Hide Forgot
Jobs are maintained in a global lookup keyed by their cluster.proc id. These can periodically roll over leading to dupes which could be masked under the wrong submission group... "The missing submissions appear to be ones who have a cluster+proc already present in the history file. Lookup of job information is on cluster+proc, so the first occurrence swallows subsequent occurrences. Consider this history file... -- Cmd = "/bin/sleep" ClusterId = 1 QDate = 1314044143 Args = "1d" Owner = "matt" EnteredCurrentStatus = 1314044328 Submission = "ONE" JobStatus = 3 GlobalJobId = "matt@eeyore#1.0#1314044148" ProcId = 0 LastJobStatus = 5 *** Cmd = "/bin/sleep" ClusterId = 1 QDate = 1314044143 Args = "1d" Owner = "matt" EnteredCurrentStatus = 1314044328 Submission = "TWO" JobStatus = 3 GlobalJobId = "matt@eeyore#1.0#1314044148" ProcId = 0 LastJobStatus = 5 *** -- Only submission ONE will appear. The job_server reports... -- 08/23/11 07:20:55 ProcessHistoryTimer() called 08/23/11 07:20:55 HistoryJobImpl created for '1.0' 08/23/11 07:20:55 Job::Job of '1.0' 08/23/11 07:20:55 Created new SubmissionObject 'ONE' for 'matt' 08/23/11 07:20:55 SubmissionObject::Increment 'REMOVED' on '1.0' 08/23/11 07:20:55 HistoryJobImpl created for '1.0' 08/23/11 07:20:55 HistoryJobImpl created for '1.0' 08/23/11 07:20:55 HistoryJobImpl destroyed: key '1.0' 08/23/11 07:20:55 HistoryJobImpl added to '1.0' -- Seem reasonable? I'd like to consider it NOTABUG - GIGO. Except SCHEDD_CLUSTER_MAXIMUM_VALUE could mean duplicate cluster+proc in the history file. BZ for future fix? Likely also important for ODS.

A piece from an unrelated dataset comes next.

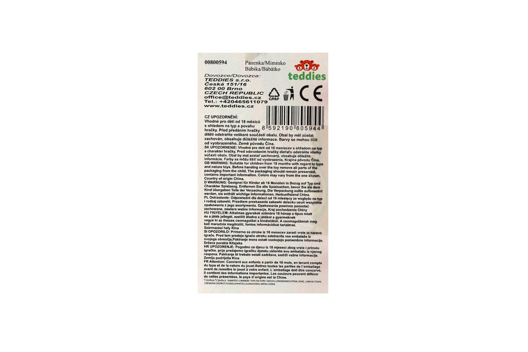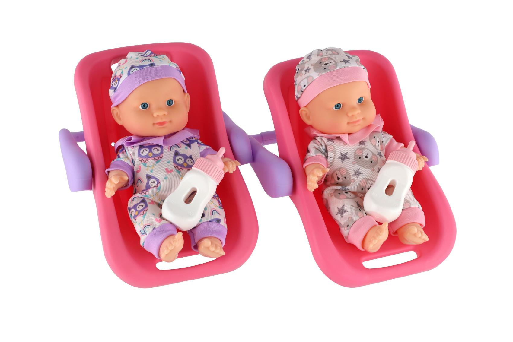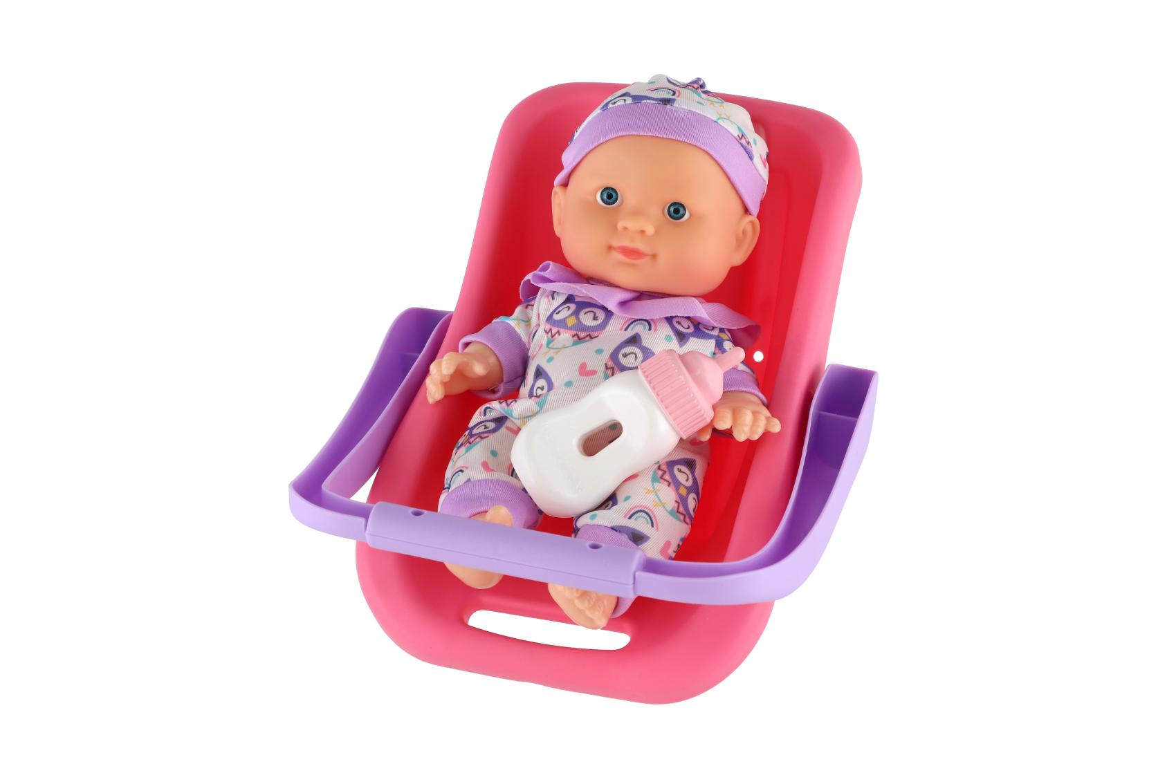 Teddies Panenka miminko plast 22cm pevné tělo v nosítku/autosedačce s lahvičkou 2 barvy

Issue for aviary query server also.
Possibly related to Bug 732452.
You get other strange behavior with a shortened SCHEDD_CLUSTER_MAXIMUM_VALUE, like jobs that appear to be stuck running in the queue after a schedd restart: -- Submitter: pmackinn.redhat.com : <192.168.1.131:48084> : milo.usersys.redhat.com ID OWNER SUBMITTED RUN_TIME ST PRI SIZE CMD 1.0 pmackinn 10/24 17:40 0+00:12:43 R 0 0.0 sleep 120 2.0 pmackinn 10/24 17:40 0+00:12:43 R 0 0.0 sleep 120 2 jobs; 0 idle, 2 running, 0 held And if you try to go back from SCHEDD_CLUSTER_MAXIMUM_VALUE=3 the schedd gets jammed unless the queue is cleaned out: 10/24/11 18:13:44 (pid:13483) ERROR "JOB QUEUE DAMAGED; header ad NEXT_CLUSTER_NUM invalid" at line 1088 in file /home/pmackinn/repos/uw/condor/CONDOR_SRC/src/condor_schedd.V6/qmgmt.cpp
Using the global job id as a key in the jobs map solves this but that would break the current Aviary get* API since the user would have to provide the GJID instead of the simpler cluster.proc, i.e., regexp on some part of 'scheduler#c.p' and return all matches...?
Multimap approach could be used to address this in the implementation but again there is potential Aviary API impact.
MRG-Grid is in maintenance and only customer escalations will be considered. This issue can be reopened if a customer escalation associated with it occurs.